III. Date of Effectiveness of the Proposed Rule Change and Timing for Commission Action

Within 35 days of the publication of this notice in Federal Register or within such longer period (i) as the Commission may designate up to 90 days of such date if it finds such longer period to be appropriate and publishes its reasons for so finding or (ii) as to which the self-regulatory organization consents, the Commission will:

(A) by order approve the proposed rule change, or
(B) institute proceedings to determine whether the proposed rule change should be disapproved.
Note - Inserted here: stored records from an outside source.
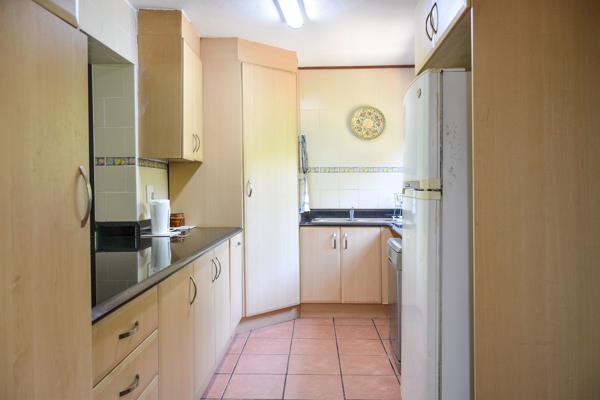 The heart of the home is its beautifully appointed kitchen, adorned with granite countertops and generous storage. The open-plan living room seamlessly extends onto a covered patio, offering delightful garden views, making it an ideal space for entertaining or relaxing.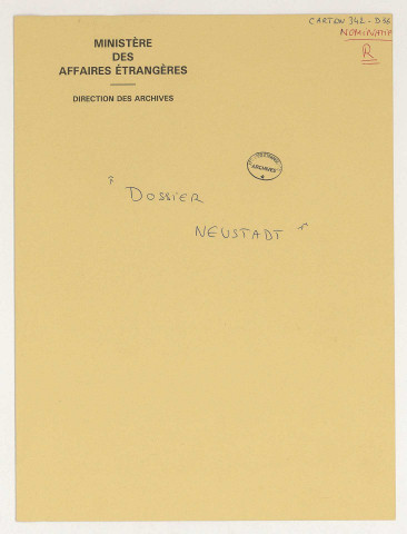 Tous les articles communicables peuvent être reproduits pour usage personnel. Pour les utilisations publiques ou commerciales, il convient de s'enquérir des conditions auprès des Archives diplomatiques.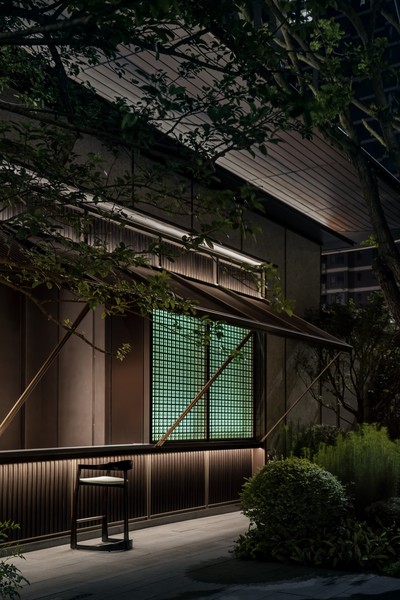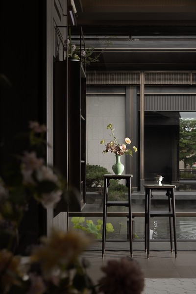 提取东方传统色中的天青、赤霞、松绿,点缀雪青、松花等活力色彩,视觉层次丰富,生机盎然,与刚劲枯枝形成了强烈的画风对比,游丝如气,一连空间似行云流水,消弭了回廊的冷彻。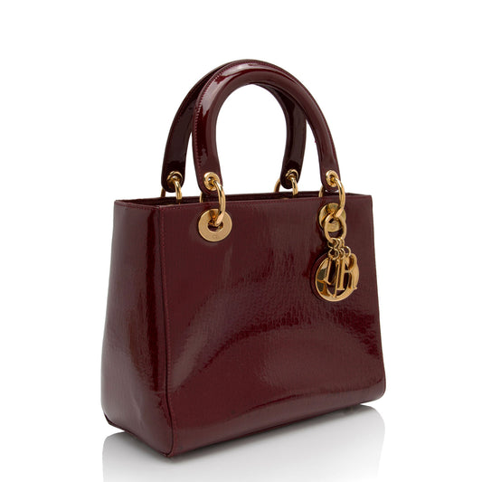 Dior Vintage Micro Diorissimo Patent Leather Lady Dior Small Tote (SHF-RTBS3t)

IV. Solicitation of Comments

Interested persons are invited to submit written data, views, and arguments concerning the foregoing, including whether the proposal is consistent with the Act. Persons making written submissions should file six copies thereof with the Secretary, Securities and Exchange Commission, 450 Fifth Street, NW, Washington, DC 20549. Copies of the submission, all subsequent amendments, all written statements with respect to the proposed rule change that are filed with the Commission, and all written communications relating to the proposed rule change
between the Commission and any person, other than those that may be withheld from the public in accordance with the provisions of 5 U.S.C. 552, will be available for inspection and copying at the Commission's Public Reference Room. Copies of such filing will also be available for inspection and copying at the principal office of the NASD.

All submissions should refer to File SR-NASD-98-51 and should be submitted by November 25, 1998.